## What to work on
Copy exactly, beginning with the line holding "Simpàtic arrossegament de" and ending with the final line of the data beneath this task; copy nothing else, and leave out every picture.

## Provided data
%%

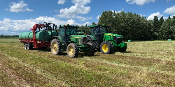 For your wrapped baling needs we offer cutting, raking, baling (John Deere C451R) as well as bale moving with a self loading/unloading Anderson bale trailer or highway hauling through out BC and Alberta. For tillage we operate a Degelman high speed disc and a Kubota power harrow. Seeding coming for the 2024 season.
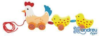 Simpàtic arrossegament de gallina i 2 pollets amb cordó de 70 cm. 2 cm de gruix Mides: 36 x 5,5 x 13,5 cm
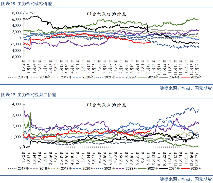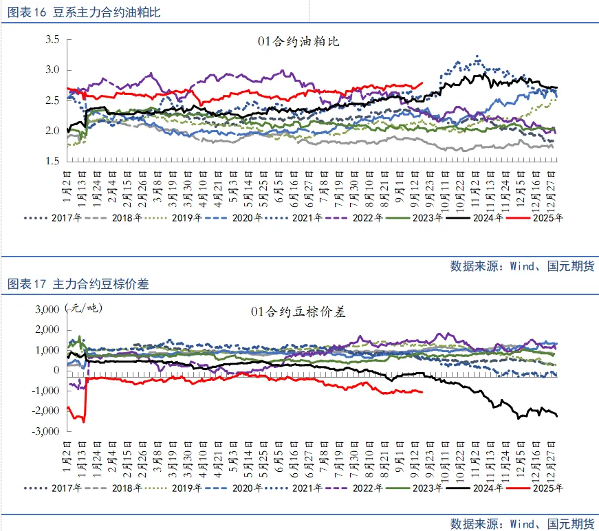 棕榈油方面,产地供需及生物柴油政策是核心驱动。近期产地产量有所下滑提供了一定支撑,四季度初将迎来印度排灯节等传统节日备货旺季。但需要关注印尼B45生物柴油政策的实际落地情况与预期差异。国内方面,豆棕价差持续倒挂在一定程度上抑制了棕榈油的消费吸引力。
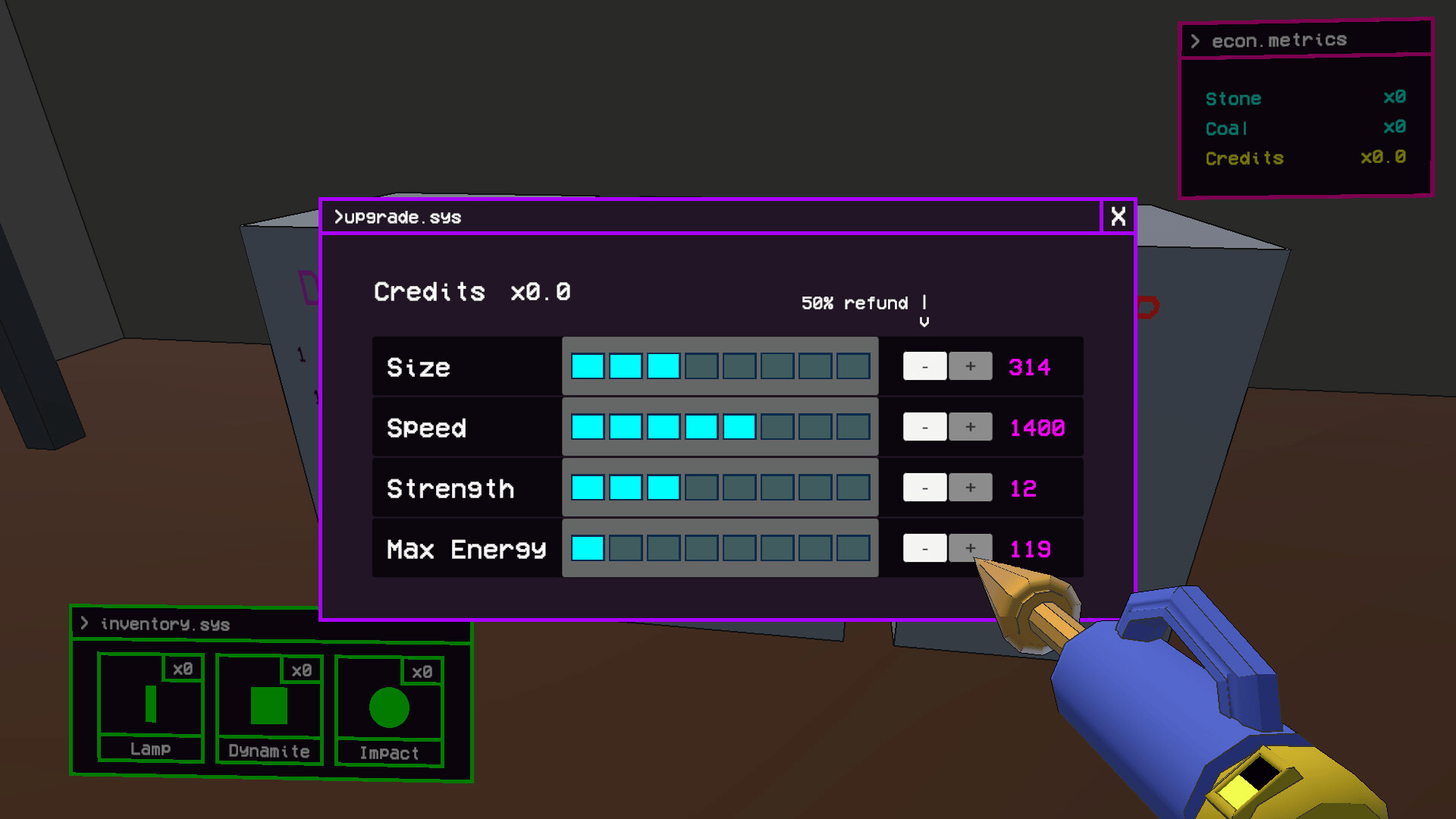 A roguelike mining game where you descend through shells of rock. Collect, Deposit, Upgrade and Profit.

%%

## Task response
 Simpàtic arrossegament de gallina i 2 pollets amb cordó de 70 cm. 2 cm de gruix Mides: 36 x 5,5 x 13,5 cm
 棕榈油方面,产地供需及生物柴油政策是核心驱动。近期产地产量有所下滑提供了一定支撑,四季度初将迎来印度排灯节等传统节日备货旺季。但需要关注印尼B45生物柴油政策的实际落地情况与预期差异。国内方面,豆棕价差持续倒挂在一定程度上抑制了棕榈油的消费吸引力。
 A roguelike mining game where you descend through shells of rock. Collect, Deposit, Upgrade and Profit.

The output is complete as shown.